Your record against Ohio State. 

Prior to last season, hundreds of players had cycled through the program with a zero in that column. The Game, for the entire 21st century, has been a stepping stone for Ohio State toward its postseason aspirations, each time sinking the Wolverines a little further into the ground. 

Winning last year proved that beating Ohio State was possible. It was a moment of jubilation, a chance for euphoric fans to pour out onto the field, an opportunity for Michigan to prove that it  could still compete with the Buckeyes — that it wasn’t residing on a completely  different playing field. 
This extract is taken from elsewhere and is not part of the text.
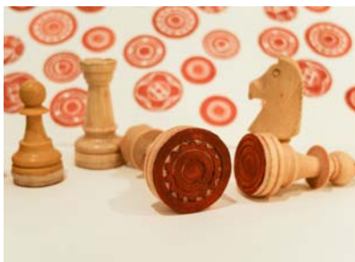
Charlotte Hubschwerlin Hors de l'échiquier, la danse des pièces en liberté Installation composée de plusieurs créations tampons et estampes détail

But it also was just that. A ‘one’ in the win column instead of a ‘zero.’ 

“Everyone keeps track of their personal records,” senior receiver Cornelius Johnson said. “We had old Michigan players come in and talk to us during training camp and all that people ask is, ‘What’s your record against (Ohio) State?’… That’s what matters most.”

On Saturday, after marching into Columbus and achieving an even bigger margin of victory than they conjured last year, many Wolverine players now have something that no one in the program could claim since 2000. 

A winning record against Ohio State. 

A second win changes everything for Michigan’s program. No longer can pundits point to otherworldly circumstances being necessary for the Wolverines to beat the Buckeyes. Even at 11-0, even after winning last year, few seemed to give Michigan a chance to win Saturday. The Wolverines were 7.5-point underdogs and some were already looking at scenarios for them to back their way into the playoffs with a loss. 

But Michigan didn’t need any chaos scenarios. The Wolverines went out for sixty minutes and proved they were the better football team. Again. 

And now the perception has shifted.

“Winning two in a row, it just gives us as a program that confidence,” graduate linebacker Mike Barrett said. “Just as a whole Michigan family, it just kind of gives everybody that confidence of being able to go and do it again.”

The Wolverines can be talked about as a team that can beat anyone in the country, the same treatment that has existed for Ohio State for much of the past decade. Michigan can start thinking about its National Championship chances. When the Wolverines dominate an opponent, they deserve the respect that great teams get, not the scrutiny they often faced for the quality of the team they played. 

Going into future seasons, these talking points should be part of the regular conversation surrounding Michigan. And as for the Big Ten? It’s no longer a league boasting Ohio State and everybody else. That narrative died as Buckeye fans headed for the exits far before the game’s conclusion. 

“We’re not so much of a team that looks to the past and worries about it,” sophomore quarterback J.J. McCarthy said. “We’re always about the present and worried about changing the future.”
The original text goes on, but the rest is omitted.